Member of the U.S. House of Representatives from Pennsylvania's 22nd district
- In office January 3, 1941 – January 3, 1943
- Preceded by: Chester H. Gross
- Succeeded by: Chester H. Gross
- In office March 4, 1931 – January 3, 1939
- Preceded by: Franklin Menges
- Succeeded by: Chester H. Gross

Personal details
- Born: February 1, 1880 Red Lion, Pennsylvania
- Died: March 29, 1947 (aged 67) Red Lion, Pennsylvania
- Resting place: Red Lion Cemetery
- Party: Democratic

= Harry L. Haines =

American politician

Harry Luther Haines (February 1, 1880 in Red Lion, Pennsylvania – March 29, 1947) was an American businessman who served five terms as a Democratic member of the U.S. House of Representatives from Pennsylvania from 1931 to 1943.

==Biography==
Born in Red Lion, Pennsylvania on February 1, 1880, Haines attended the State Normal School in Lock Haven, Pennsylvania and Patrick's Business College at York, Pennsylvania.

=== Business career ===
He was engaged in the manufacture and brokerage of cigars from 1906 to 1934, and was a burgess of Red Lion from 1921 to 1930, as well as a delegate to the Democratic State Convention in 1918.

=== Political career ===
Haines was elected as a Democrat to the Seventy-second and to the three succeeding Congresses. He was an unsuccessful candidate for reelection in 1938.
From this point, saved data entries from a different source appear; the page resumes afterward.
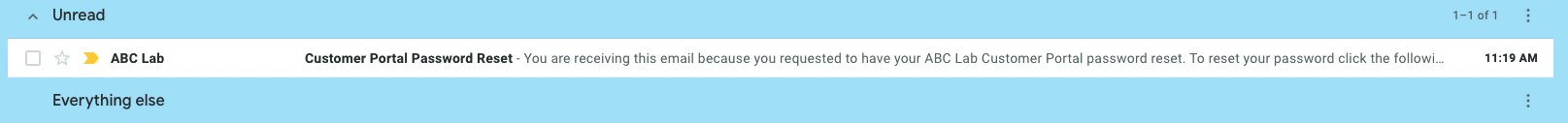The Email Subject line should say “Customer Portal Password Reset”
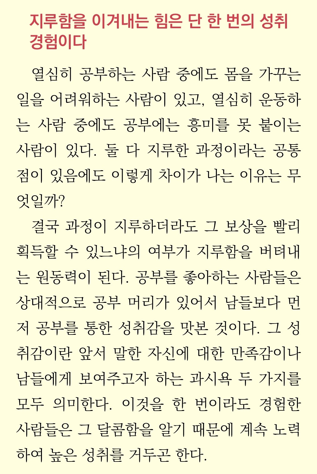 사실 이는 공부 자체의 문제가 아니라 공부를 위해 지루한 방식을 택했기 때문에 초래된 결과이다.
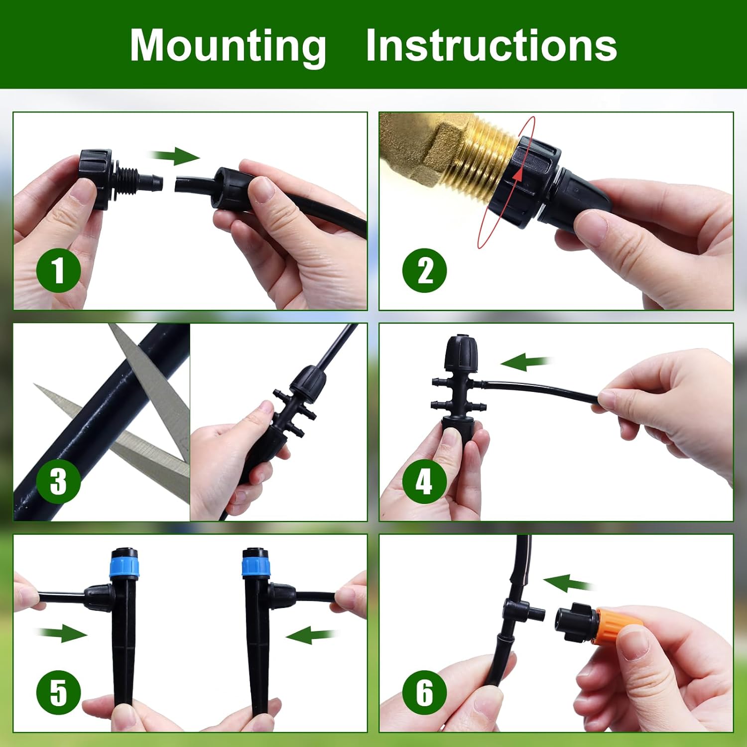 - Easy to Install and Use: This irrigation kit is easy to install, no digging required. Just cut the tube, connect the nozzle or dripper to the fitting and turn on the faucet to start the plant drip irrigation system. You can also soak the end of the hose in hot water for a minute before pushing the fitting in, it will be easier to connect and the tubing will stay tight when it cools down.
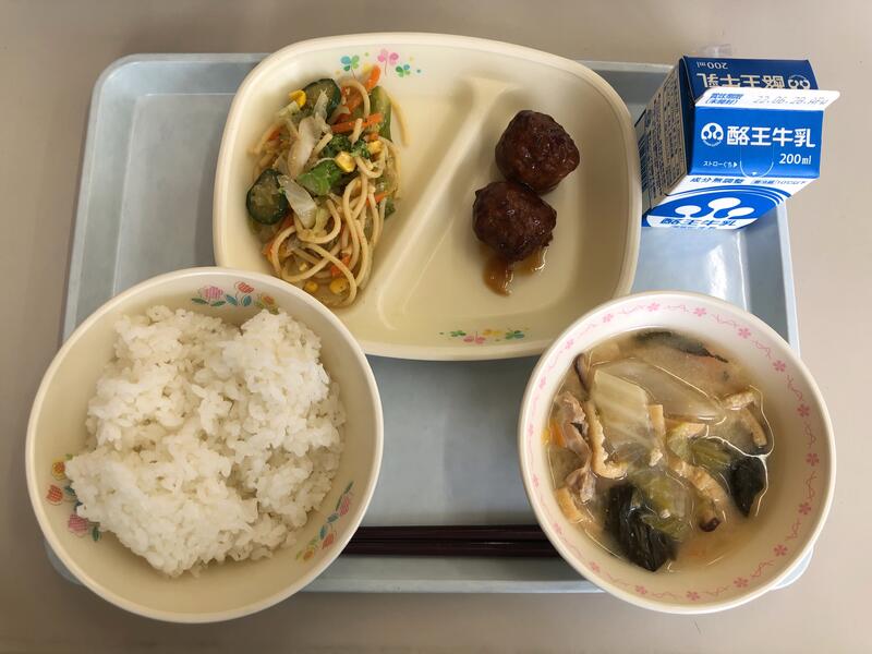 ごはん 牛乳 肉だんご サラスパ すいとん汁

He then served in the office of the Pennsylvania State Treasurer in 1939 and 1940.

He was again elected in 1940 to the Seventy-seventh Congress, but was an unsuccessful candidate for reelection in 1942.

=== After Congress ===
After his time in Congress, he briefly worked as editor of the plant magazine of the York Safe & Lock Co. from 1943 to 1944.

==Death and interment==
Haines died in Red Lion on March 29, 1947, and was interred in the Red Lion Cemetery.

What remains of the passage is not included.